It is impossible to speak positively about the origin of this vestment. Medieval liturgists, e.g. Rupert of Deutz, favoured the view that the Christian vestments in general were derived from those of the Jewish priesthood, and that the alb in particular represents the Kethonet, a white linen tunic of which we read in Exodus 28:39. But a white linen tunic also formed part of the ordinary attire of both Romans and Greeks under the Empire. The fact that a white linen tunic was a common feature of secular attire also makes it difficult to determine the epoch to which we must assign the introduction of our present alb as a distinctly liturgical garment. The word alba, indeed, meets us not infrequently in connection with ecclesiastical vesture in the first seven centuries.

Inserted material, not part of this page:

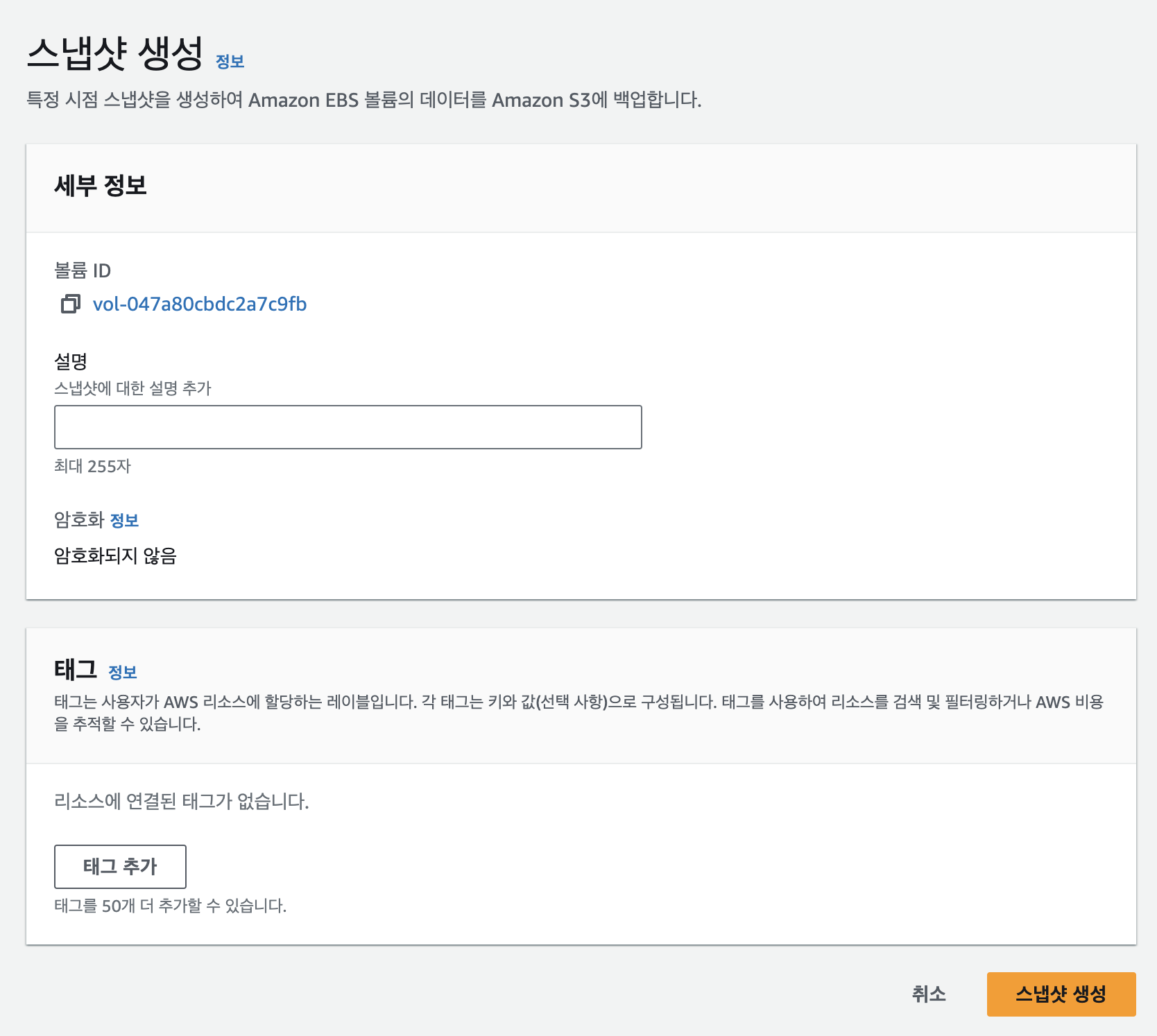 해당 스냅샷을 식별할 수 있도록 설명과 태그를 부착 후 생성합니다.

In the early centuries some sort of special white tunic was generally worn by priests under the chasuble, and that in course of time this came to be regarded as liturgical. A prayer mentioning "the tunic of chastity," which is assigned to the priest in the Stowe Missal, helps to confirm this view. Before the time of Rabanus Maurus, who wrote his "De Clericorum Institutione" in 818, the alb had become an integral part of the priest's sacrificial attire. Rabanus describes it fully (P.L., CVII, 306). It was to be put on after the amice. It was made, he says, of white linen, to symbolize the self-denial and chastity befitting a priest. It hung down to the ankles, to remind him that he was bound to practice good works to his life's end. At present the priest in putting on the alb says this prayer: "Purify me, O Lord, from all stain, and cleanse my heart, that washed in the Blood of the Lamb I may enjoy eternal delights."

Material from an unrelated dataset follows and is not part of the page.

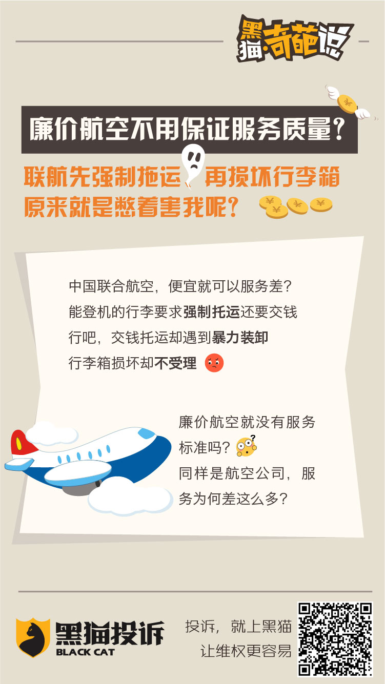 廉价航空不用保证服务质量?联航强制托运暴力装卸,行李损坏不处理
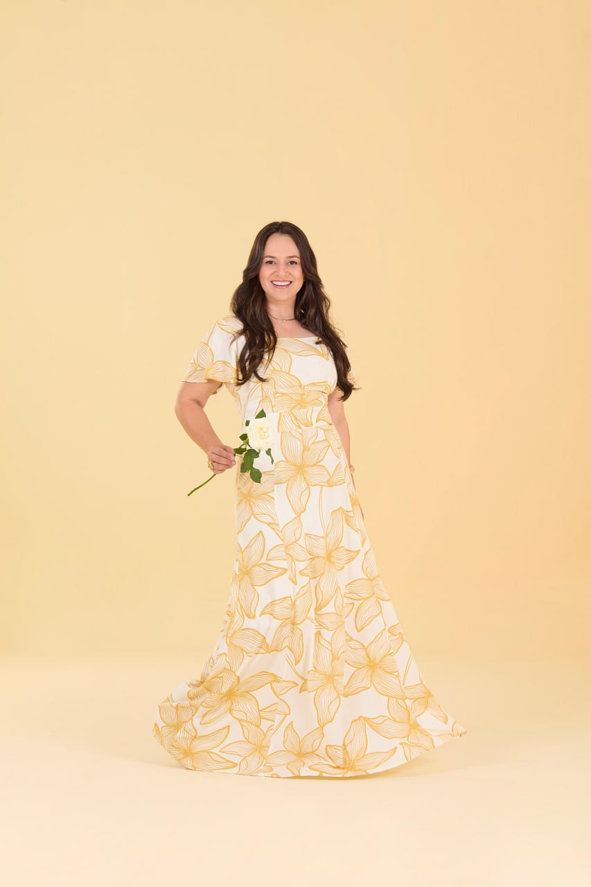 Vestido confeccionado no viscolinho, estampa floral cor amarelo, decote quadrado, manga evasê, bolsos faca funcionais, zíper lateral e lastex nas costas. Comprimento longo, forrado. Aquele vestido chique e especial!

Much greater diversity has been shown in the ornamentation of the alb. In the early ages we find the lower edge decorated with a border sometimes both rich and deep. Similar embroideries adorned the wrists and the caputium (head opening), i.e. the neck. The use of lace, though permitted, ought never to lose the character of a pure decoration. Albs, with lace reaching above the knees, are not, strictly speaking, en règle, though there is a special decree of 16 June, 1893, tolerating albs with lace below the cincture for canons at Mass, on solemn feast days. Formerly a decree of the Congregation of Rites prohibited any coloured lining behind the flounce, or cuffs, or lace with which the alb might be decorated, but a more recent decree (12 July, 1892) sanctioned the practice. In point of material the alb must be made of linen (woven of flax or hemp); hence cotton or wool are forbidden. The colour must now be white. Moreover, the use of silk and colours instead of albs of white linen has lasted on in isolated instances, both in East and West, down to our own days. It may be added that, like other sacerdotal vestments, the alb needs to be blessed before use.